3. Results and Discussion

The BioModel and the optimization procedure were developed in-house and coded in the C# computer language. The system of differential equations was integrated by the Runge–Kutta method. The utilized optimizer was based on an approximation method [40], which generated a sequence of approximate optimization problems. These approximate problems are strictly convex and separable and can be solved rather efficiently for a sequence of approximate solutions. Since the conservativeness of the approximate objective and constraint functions is adjusted automatically, the solution to the process is usually fast and stable. A gradient-based optimizer clearly needs the design derivatives of the involved functions. Since analytical derivatives cannot be obtained easily and any further AD model updates would invalidate the derived formulas, numerical differentiation using forward differences was used in this work. Numerical differentiation can be computationally quite costly. Therefore, the computation of design derivatives was parallelized. By utilizing parallelization, one full optimization cycle took about 1 min of the processing time on an i7 CPU computer.

3.1. Numerical Simulation of the AD Process

The numerical simulation of the AD process was performed using the BioModel, which was thoroughly calibrated and validated in our previous work [1,6]. Just to illustrate the performance of the model, a few comparisons of simulated and experimental data are shown in the following.

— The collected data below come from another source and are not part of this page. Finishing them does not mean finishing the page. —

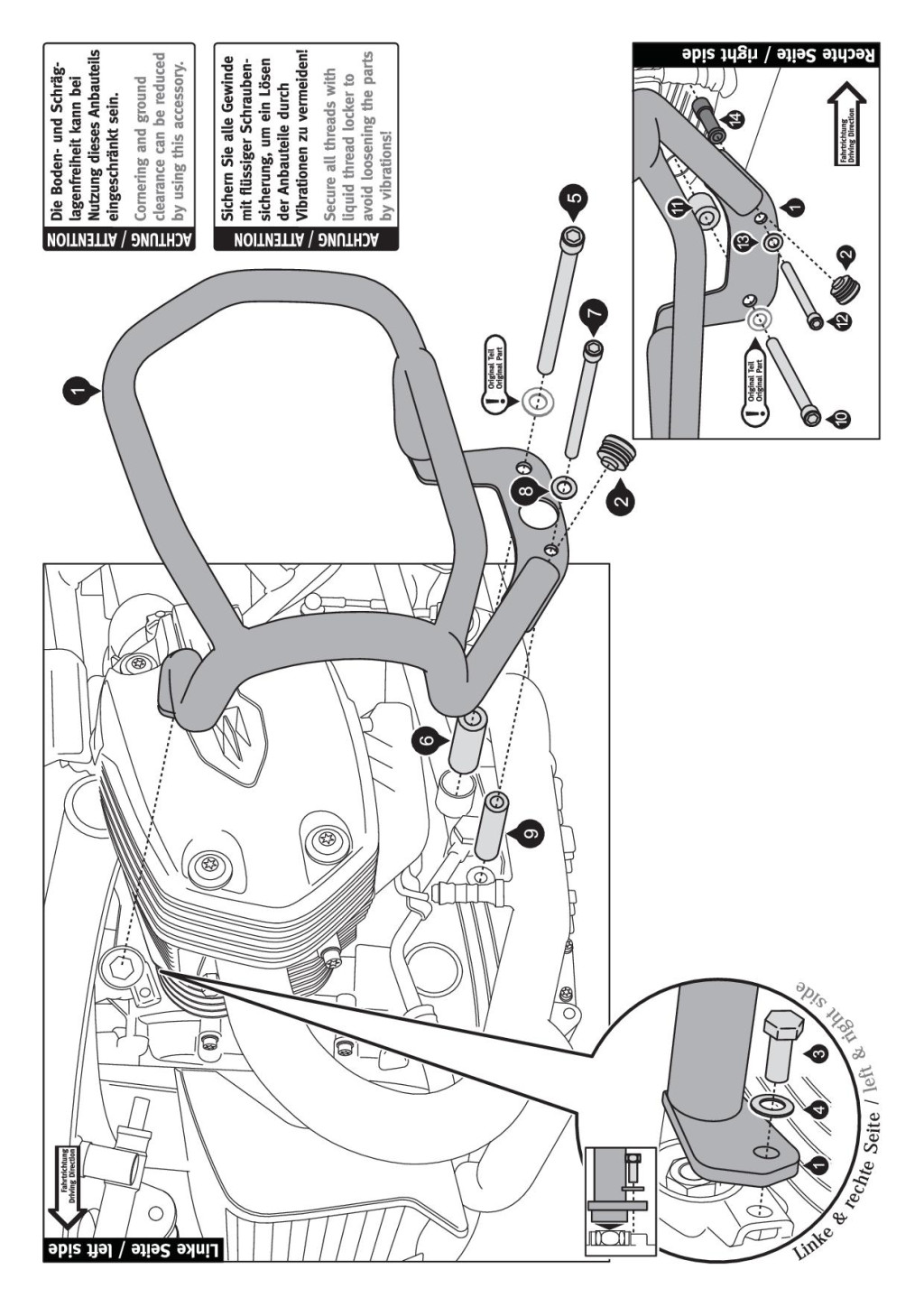 Stabil védelmet nyújt a hengerfejnek és oldalsó elemeknek, miközben megtartja a kanyarodási maximum dőlésszöget. A szett bal és jobb oldali bukócsövet, rögzítőanyagot és útmutatót tartalmaz.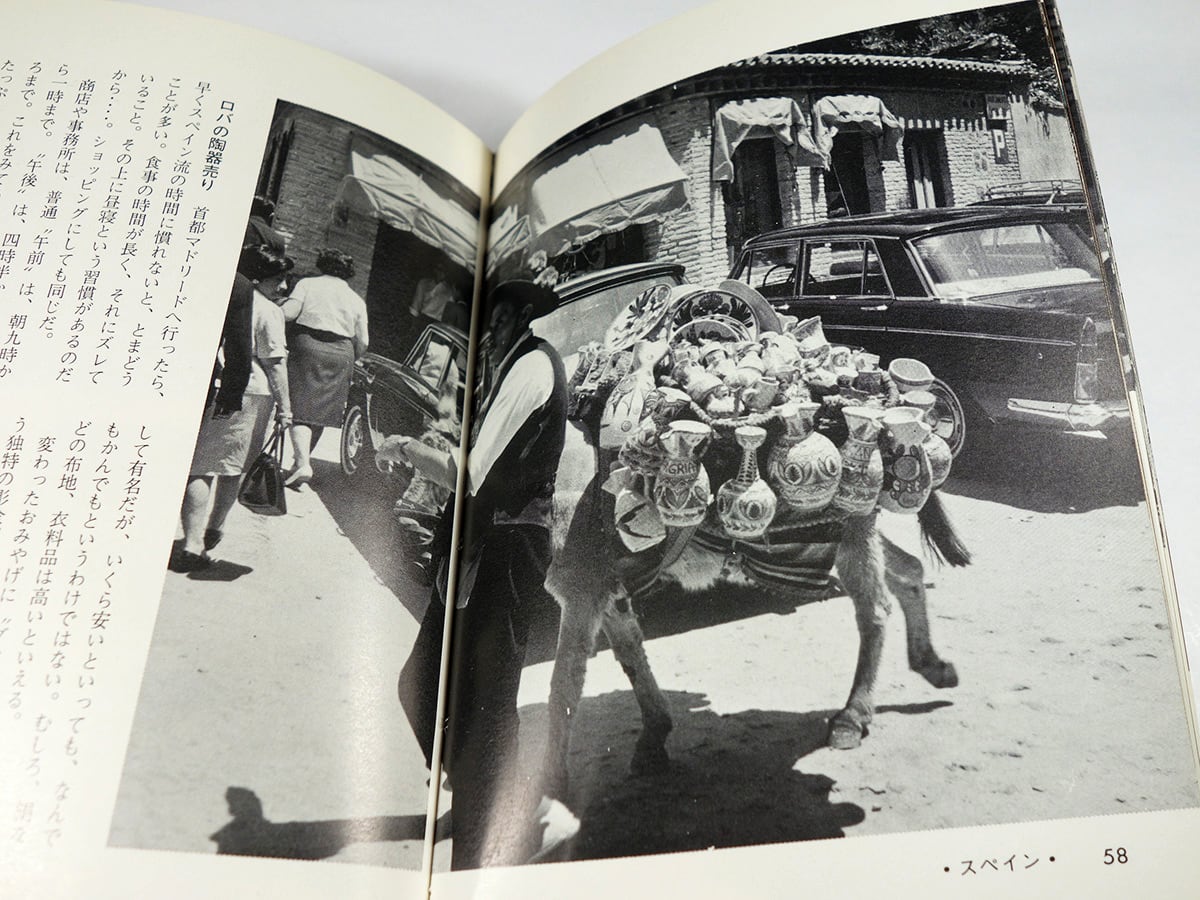 スペインの郊外では、ロバの背にいろいろな商品を積んだユーモラスなみやげもの売りの姿が見られる。写真はマジョリカを積んでいる。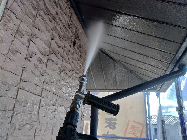 - 高圧洗浄機で洗浄をします。汚れやほこりを洗い流し、塗装がよく密着するようにします。
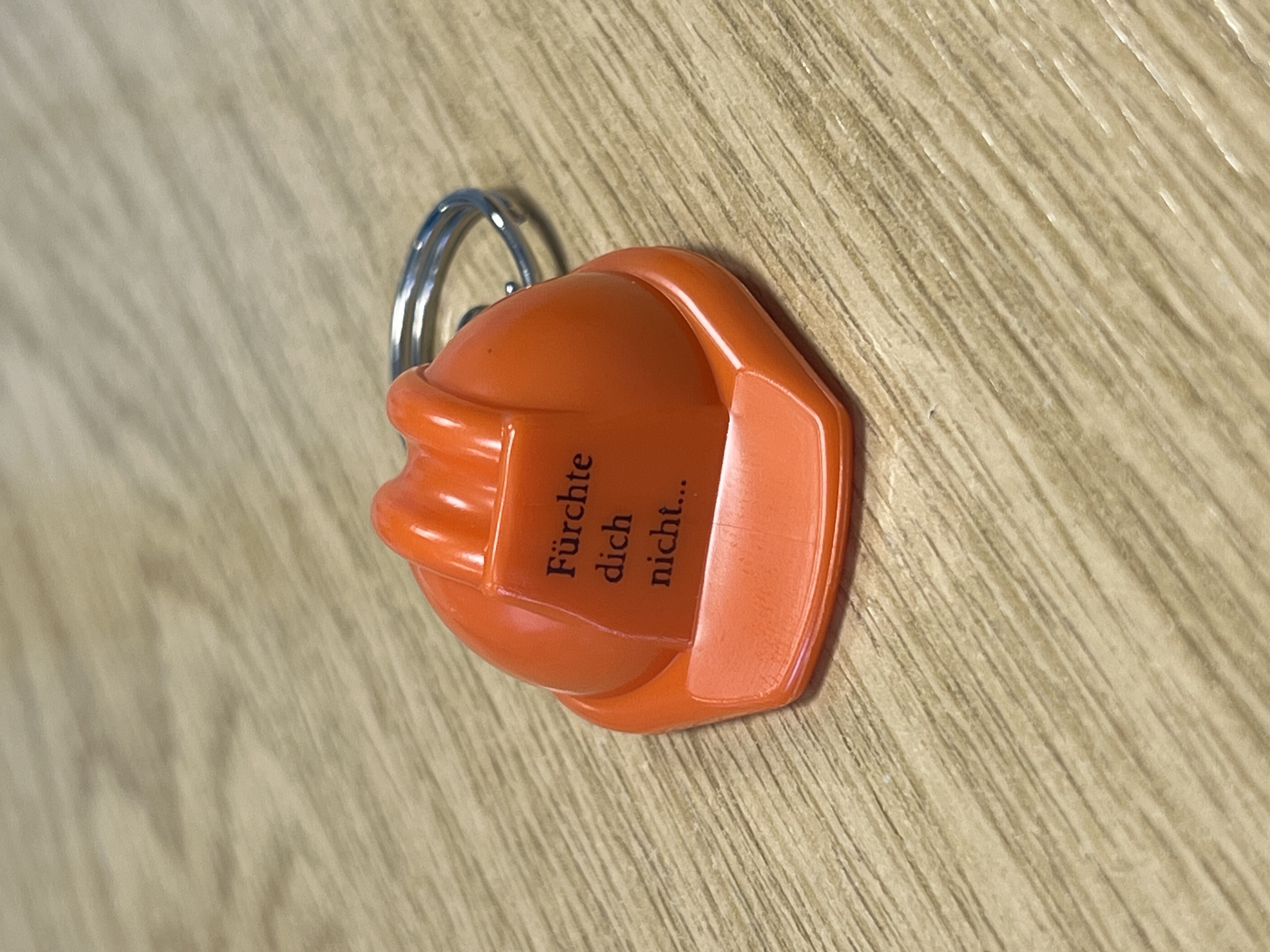 Ja, der Schlüsselanhänger trägt den Zuspruch „Gottes Liebe hört nie auf.“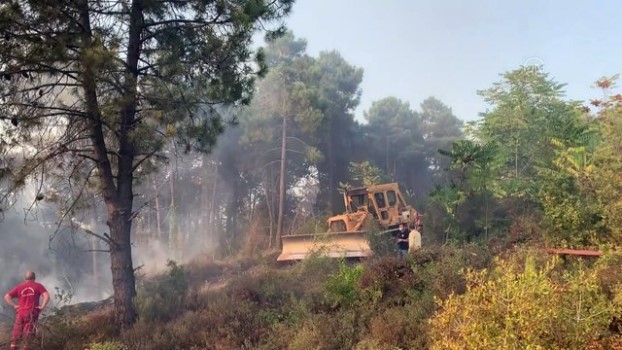 - Ekiplerin yangına müdahale görüntüleri - Helikopterin söndürme çalışmaları - Yangından etkilenen bölgelerden görüntülerDETAYLAR EKLENDİİSTANBUL (AA) - Beykoz'daki ormanlık alanda çıkan yangına havadan ve karadan müdahale ediliyor.Alınan bilgiye göre, Anadolu Hisarı Bent Yolu Caddesi'ndeki ormanlık alanda henüz belirlenemeyen nedenle yangın çıktı.Durumun bildirilmesi üzerine olay yerine Kavacık, Çengelköy ve Çavuşbaşı'ndan sevk edilen itfaiye ekipleri, Orman Bölge Müdürlüğü ekipleriyle yangına müdahale ediyor.Öte yandan, bölgeye gönderilen yangın söndürme helikopteri de havadan desteğini sürdürüyor.Bu arada, itfaiye araçlarının erişemediği bölgelerde yol açılması için alana iş makineleri de getirildi. Ekiplerin müdahalesi sayesinde evlere sıçraması önlenen ormanlık alandaki yangını söndürme çalışmaları devam ediyor. BildOrmanlıHelikopterYangına Müdahale

Figure 3 shows the comparison of biogas and ${\mathrm{C}\mathrm{H}}_4$ flow rates, while the pH value as well as ${\mathrm{H}}_2\mathrm{S}$ and ${\mathrm{H}}_2$ flow rates are shown in Figure 4. The differences between simulated and experimental average values (averaged over the whole period of the AD process) of biogas, ${\mathrm{C}\mathrm{H}}_4$, ${\mathrm{H}}_2$, and ${\mathrm{H}}_2\mathrm{S}$ flow rates are all in the range between 0.6% and 2.2%. Furthermore, the average p$\mathrm{H}$ value differs negligibly, that is, less than 0.2%.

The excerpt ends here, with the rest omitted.